Citi and Goldman Sachs have flagged tech fatigue, rising yields, and leverage risk. Here's what the warnings actually mean for your portfolio in 2025.

In This Article

Citi and Goldman Are Waving Yellow Flags — Here's What the Data Says

When Citi and Goldman Sachs issue stock market warnings in the same week, it's worth slowing down and reading the fine print — not panicking, but paying attention. Both banks flagged a convergence of technical signals, macro headwinds, and sentiment extremes that could make the next leg of this rally significantly bumpier than the last. The warnings aren't calls to sell everything. They're calls to be precise.

Here's a breakdown of what each institution flagged, what the underlying data actually supports, and where the real opportunities — and real risks — sit right now.


Citi's Warning: Tech Fatigue, Dollar Strength, and the Applied Materials Signal

Citi's note centres on two concerns: a strengthening US dollar driven by sticky inflation data and a stalled US-Iran negotiation, and technical exhaustion in the tech sector.

On the dollar: The USD isn't surging, but it is recovering from multi-month lows. That distinction matters. A rising dollar compresses the foreign earnings of US multinationals when those revenues are repatriated. For a company like Apple — which generates over 57% of its revenue outside the United States — even a modest 3–5% dollar strengthening can translate into meaningful earnings misses. Watch FX commentary closely in Q2 earnings calls.

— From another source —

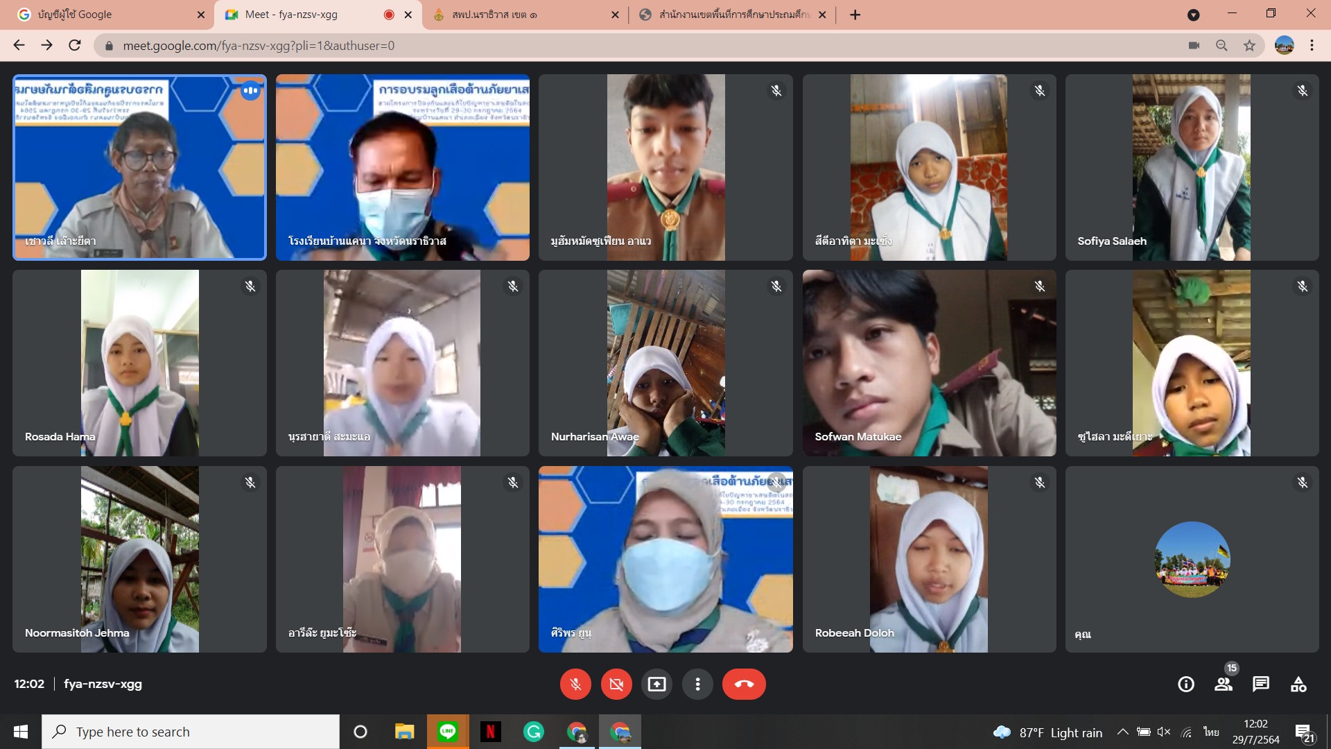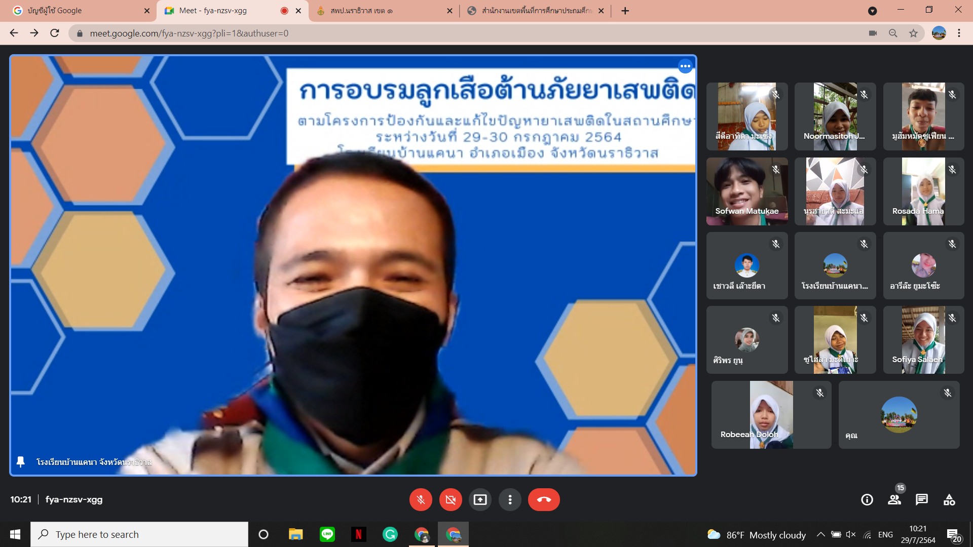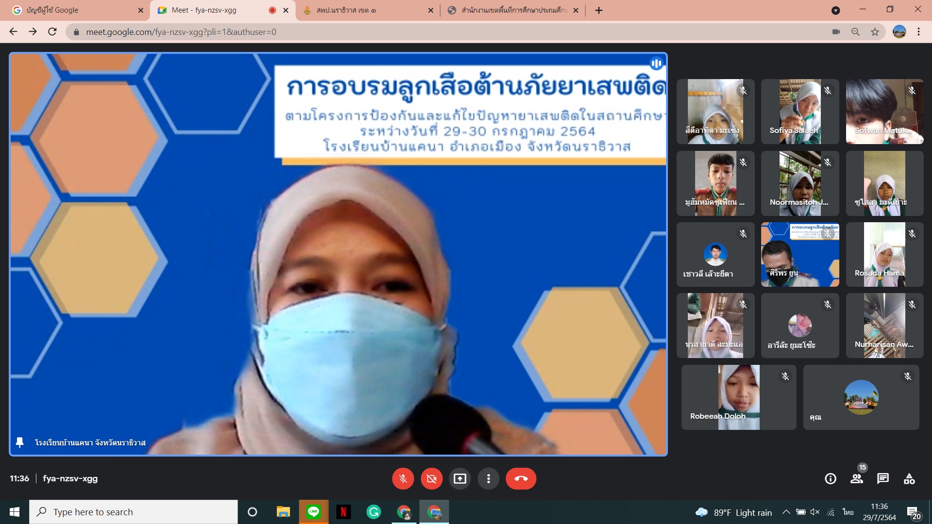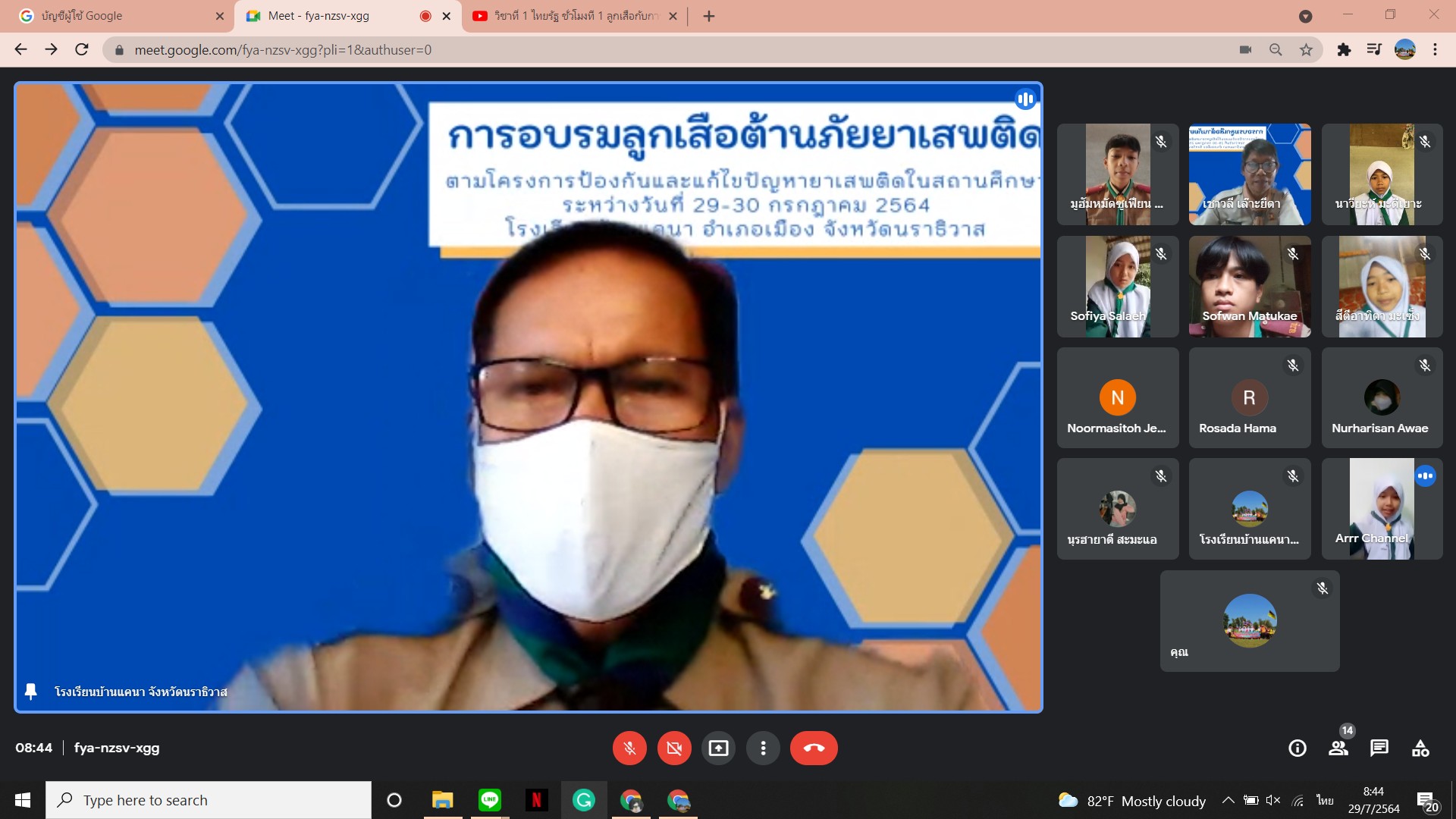 นายเชาวลี เล๊าะยีตา ผู้อำนวยการโรงเรียนบ้านแคนา พร้อมคณะครูโรงเรียนบ้านแคนา ดำเนินการจัดกิจกรรมอบรมลูกเสือต้านยาเสพติด ประจำปีการศึกษา ๒๕๖๔ ให้กับนักเรียนชั้นมัธยมศึกษาตอนต้น จำนวน ๘ คน ผ่านระบบ Google meet โดยถ่ายทอดสัญญาณจากห้องประชุมโรงเรียนบ้านแคนา ต.บางปอ อ.เมืองฯ จ.นราธิวาส ระหว่างวันที่ ๒๙ - ๓๐ กรกฎาคม ๒๕๖๔

On tech fatigue: Citi's sales desk pointed to Applied Materials as a telling signal. The company posted a strong earnings beat, and the stock barely moved after hours. In a healthy bull market, strong earnings drive strong reactions. When they don't, it typically means the good news was already priced in — and then some. Citi's sentiment indicators are flashing overbought conditions, with their sales traders flagging what they're calling an "oversold trigger" — a threshold that, if crossed, could trigger a painful sector rotation.

Key takeaway: Applied Materials not rallying on a beat is a leading indicator worth tracking. It suggests the easy money in hardware may already be made. The next question is where capital rotates next.


Goldman's Warning: Leverage, Concentration Risk, and the Worst Market Breadth Since 2022

Goldman's note is blunter. The firm identifies a momentum-chasing dynamic that is becoming dangerously concentrated. The pattern they describe: investors are selling underperformers, buying AI-adjacent winners on leverage, and repeating — with each cycle adding more risk to an increasingly narrow set of positions.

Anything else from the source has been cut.